Your Brand isn’t Just What You Say

It’s what you do when no one’s watching. Until everyone is. Here’s the framework I use to mirror back a brewing crisis to a business:

  1. Describe the behavior. "Right now, [concerning behavior] is happening."

  2. Forecast the risk. "If this continues, we could see backlash—a headline, a whistleblower, or a viral thread."

  3. Emphasize business impact. "Our credibility is tied to how we handle this. If trust erodes, growth stalls."

  4. Recommend a path forward. "To protect both the business and the brand, I recommend [next action]."

Questions to ask yourself:

  • Is what we’re saying externally true internally?

  • How will an erosion of trust affect our business? Be as specific as you can (partners will pull out of deals, it’ll be hard to attract future talent, etc).

  • Are employees proud of this brand?
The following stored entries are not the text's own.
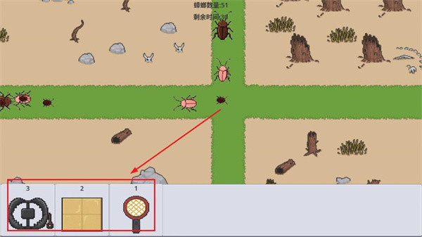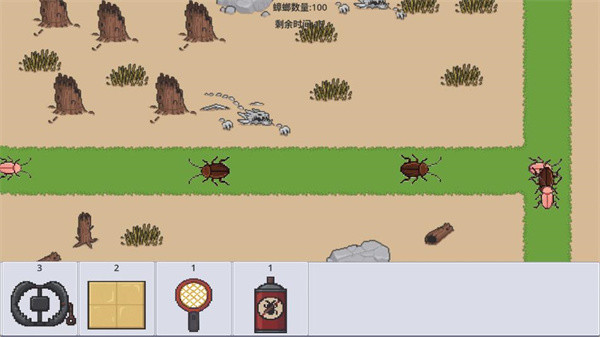 4、使用下方的道具栏的道具,拖到游戏内,消灭蟑螂。
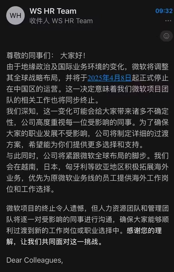 而根据最新消息,其中提及的“中国区的运营”为上海微创软件公司,该公司定位为企业数字化综合服务商,“行业里普遍叫微软的外包公司”。
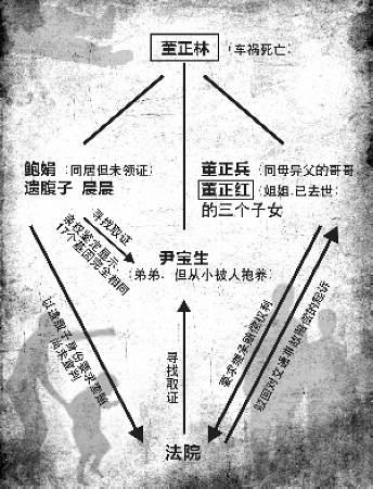 我打官司的目的,就是要為這個孩子正名,我不想讓孩子丟臉。”鮑娟昨天在法庭外說。來自安徽的她已是40多歲的年紀,可在與南京人董正林同居后卻很快懷孕。不幸的是,就在她等待愛情的結(jié)晶時,董正林卻在車禍中遇難。董正林同母異父的哥哥卻不承認鮑娟腹中孩子的身份,他們先提起了道路交通事故索賠。而面臨絕境的鮑娟卻突然得知,董正林有個親生弟弟雖然早已被抱養(yǎng)改名換姓,卻仍然在附近生活。董的遺體已經(jīng)火化,在科學(xué)上,這是唯一能證明孩子身份的關(guān)鍵人物,于是她和法院一起展開了尋找……
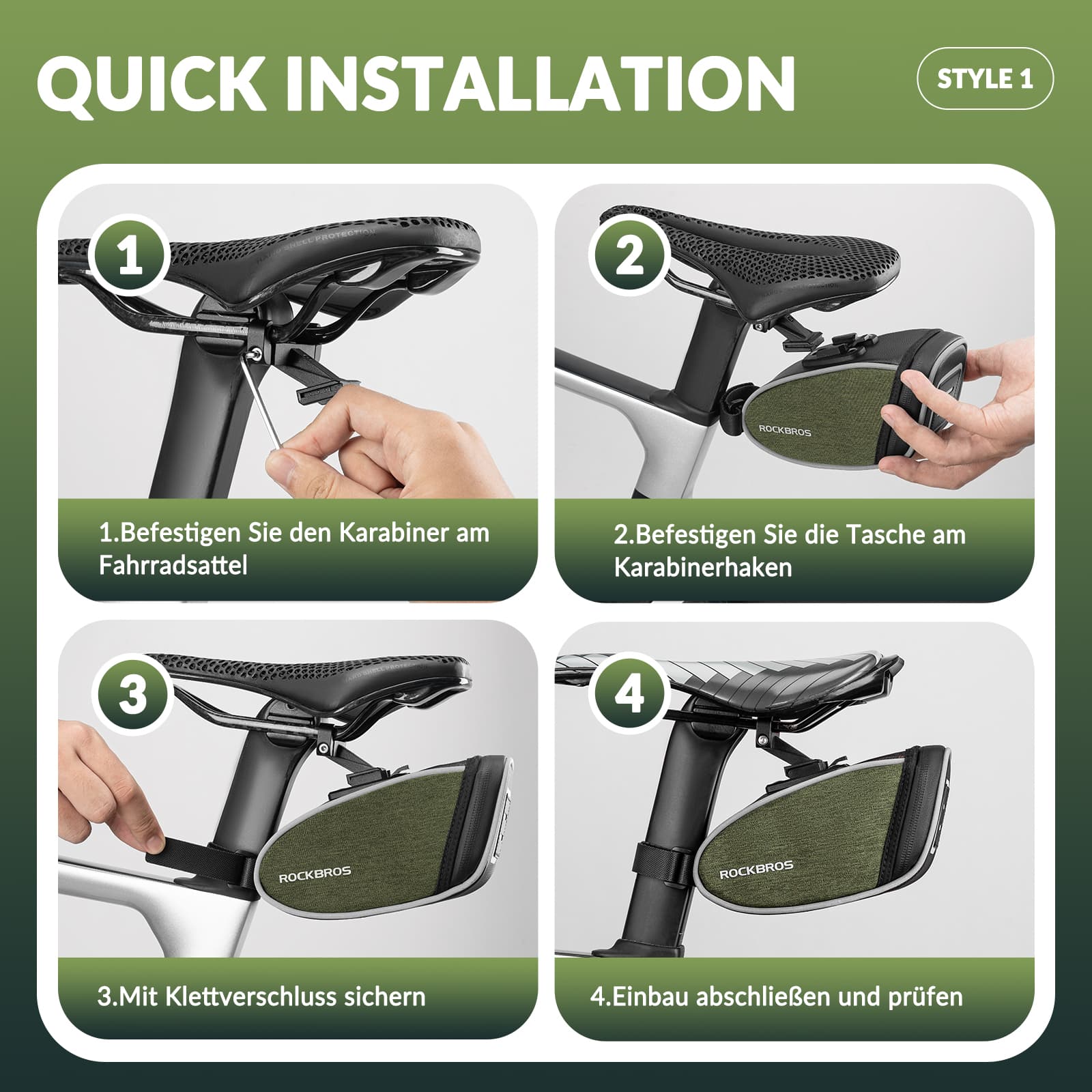 Sakwa siodłowa ROCKBROS o pojemności około 0,45 litra jest mała i poręczna. To idealna torba rowerowa na krótkie przejażdżki rowerem szosowym. Ta torba rowerowa oferuje wystarczająco dużo miejsca na takie rzeczy jak narzędzie wielofunkcyjne, klucze, mini pompka, telefon komórkowy i zapasowe dętki.

Would they share it with friends?

  • What’s the worst headline someone could write about us right now?

  • If that headline ran tomorrow, how would we respond?

  • What would it take to get our internal house in order?

I won’t sugarcoat it: this is a hard position to be in. But when you’re working with executives—or anyone focused on the bottom line—it’s critical to translate brand damage into business risk.

A strong brand gives a business:

  • Warmer leads

  • Pricing power

  • Demand generation

  • Better retention

  • More referrals

  • Word of mouth

A crisis undermines all of that.

Brand is not a shield; it's a spotlight. It will illuminate what’s working—and expose what’s not. Our job is to make sure that what it reveals aligns with the values we claim, the experiences we promise, and the business we want to build.

Yours in brand building,

✌️ Amanda

Brand news 🗞️

  • Pour one out for Joann Fabrics, who have closed all retail stores as of May 31.

  • Absolutely vibing this Hettas brand work by Magnafire and the positioning: women aren’t just small men who wear pink, why are our shoes engineered this way?

  • Loving this Active-ism campaign from Intrepid, a better for the world travel company and B Corp, who launched activist-led trips to U.S. National Parks in response to billion dollar budget cuts.